In the previous post, we analyzed the Boxcar trade’s entry and identified a set of optimization opportunities. In this episode, we will investigate the opportunities outlined: We will use IV Rank, the underlying price’s relations to previous day and the position Greeks at initiation and throughout the trade.

Overfitting: The Danger of Optimization

The critical challenge of trading system development is to avoid optimizing on random noise, which is called overfitting. By including too many optimizable parameters we will find a set of parameters that provides excellent in-sample performance but it will fail on unseen data as noise does not repeat by definition.

Our way of tackling overfitting is to set away Out of Sample data to validate our final model. We will be using the 2017 - 2018 timeframe only once, to validate our best model.

 Baseline for optimization

A baseline for optimization should contain the structure and its basic trade rules (such as entry time, exit time and max days in trade). The baseline, however, should not contain any Profit Target and Stop Loss or any optimizable parameter so we can study the trade in its purest form.

The Optimization Baseline for Boxcar looks as follows:

During the optimization process, we will be tracking the following metrics and comparing them to the baseline:

  • Trade Count
  • Alpha
  • Beta
  • Sharpe
  • CAGR %
  • Max Drawdown %
Baseline Metrics
Baseline Metrics



Optimization starts by identifying the parameters that might profoundly affect the strategy performance. In the previous article, we identified that market states and greeks are good targets for optimization.

To reduce the chances of overfitting, we are not brute-forcing (i.e., not trying out all combinations) the parameter set. Instead, we are studying how the various parameters are affecting strategy performance by creating experiments where we try multiple values for the respective parameter.
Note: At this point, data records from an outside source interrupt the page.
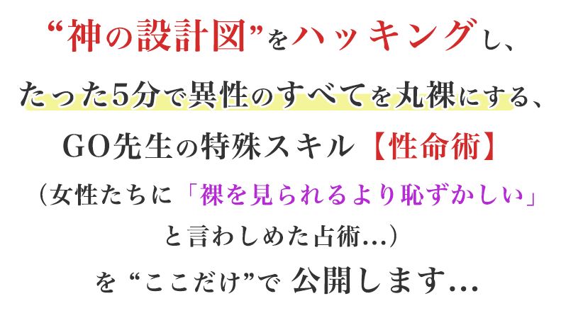 占術家GO先生の「特殊スキル性命術」をマスターして、女性との出会いや恋愛にフル活用していくマニュアルになっています。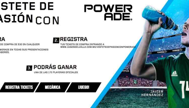 Realiza una compra mínima de $30.00 de productos Powerade en cualquier presentación y cualquier sabor en tiendas Oxxo y conserva tu ticket de compra, ingresa a http://www.jugosdelvalle.com.mx/vistetedepasionconpowerade/public/iniciar-sesion y registra tus datos de contacto: Nombre completo, domicilio completo, correo electrónico, fecha de nacimiento y género y tu ticket de compra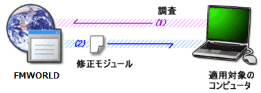 - インターネットに接続し、FMWORLDに未適用の修正モジュールがあるか調査します。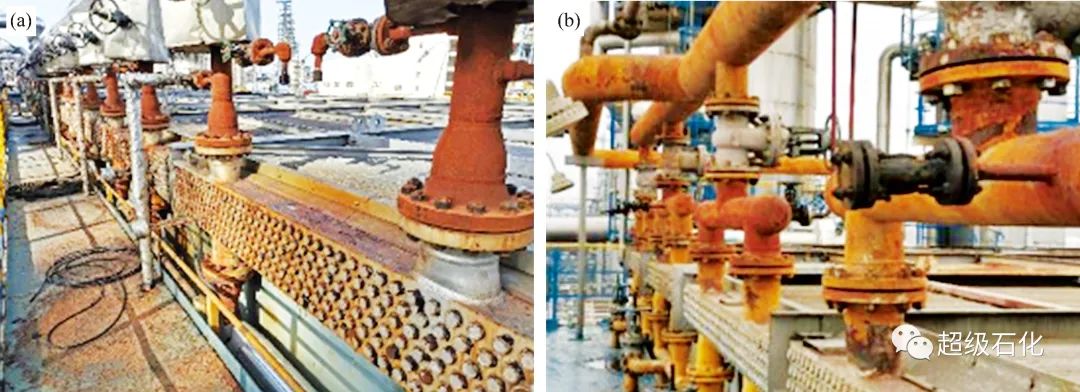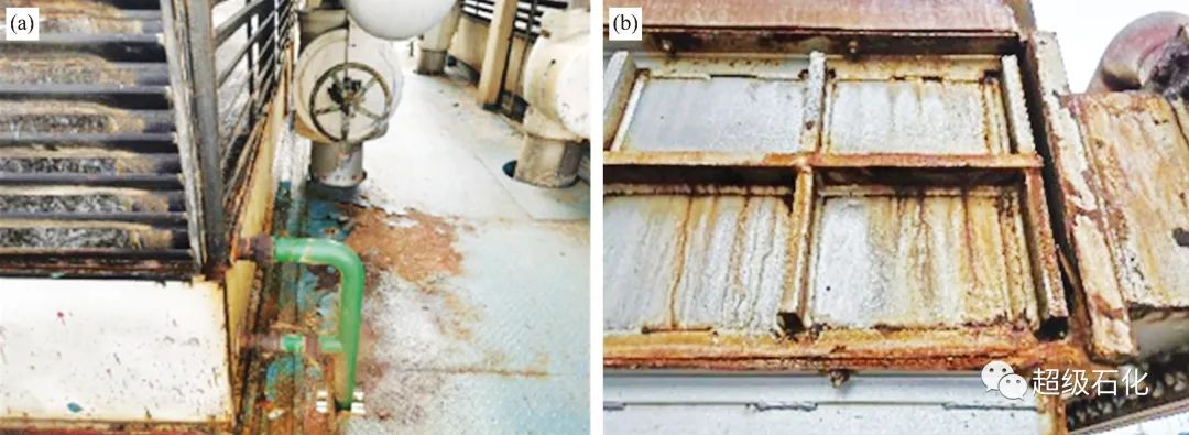 (6)濕式空冷器及周圍設(shè)施的腐蝕情況見圖6。由圖6看出,煉化企業(yè)采用濕式空冷器,外腐蝕普遍較為嚴(yán)重,除設(shè)備本體發(fā)生腐蝕外,飛濺的噴淋水導(dǎo)致平臺及周圍設(shè)備、管道和鋼結(jié)構(gòu)也發(fā)生了嚴(yán)重腐蝕。

Our parameters for the experiments of the Boxcar trade are:

  • IV Rank
  • Price relation to the previous day’s price (filter for up or down days)
  • Delta
  • Theta

Then we define a valid set of values for each parameter and execute the backtest by combining the baseline with each value of the given parameter. For example, for IV Rank, enter when:

  • IV Rank < 90
  • IV Rank < 80
  • IV Rank < 70
  • Initial Delta = 0
  • Initial Delta = 10
  • Initial Delta = 20

Once we obtain all the performance metrics for each run, we analyze which parameter helps to achieve better performance. If we find that specific parameters are helping our strategy to perform better, we blend them and validate that the combined parameter set works better together than any of the individual parameters alone.

IV Rank Filter

IV Rank (Implied Volatility Rank, sometimes also referred to as IVR) is an options trading metric that identifies the implied volatility compared to the IV history of the last 365 days. It’s measured on a scale of 0 to 100, where options with a higher IV Rank are more expensive.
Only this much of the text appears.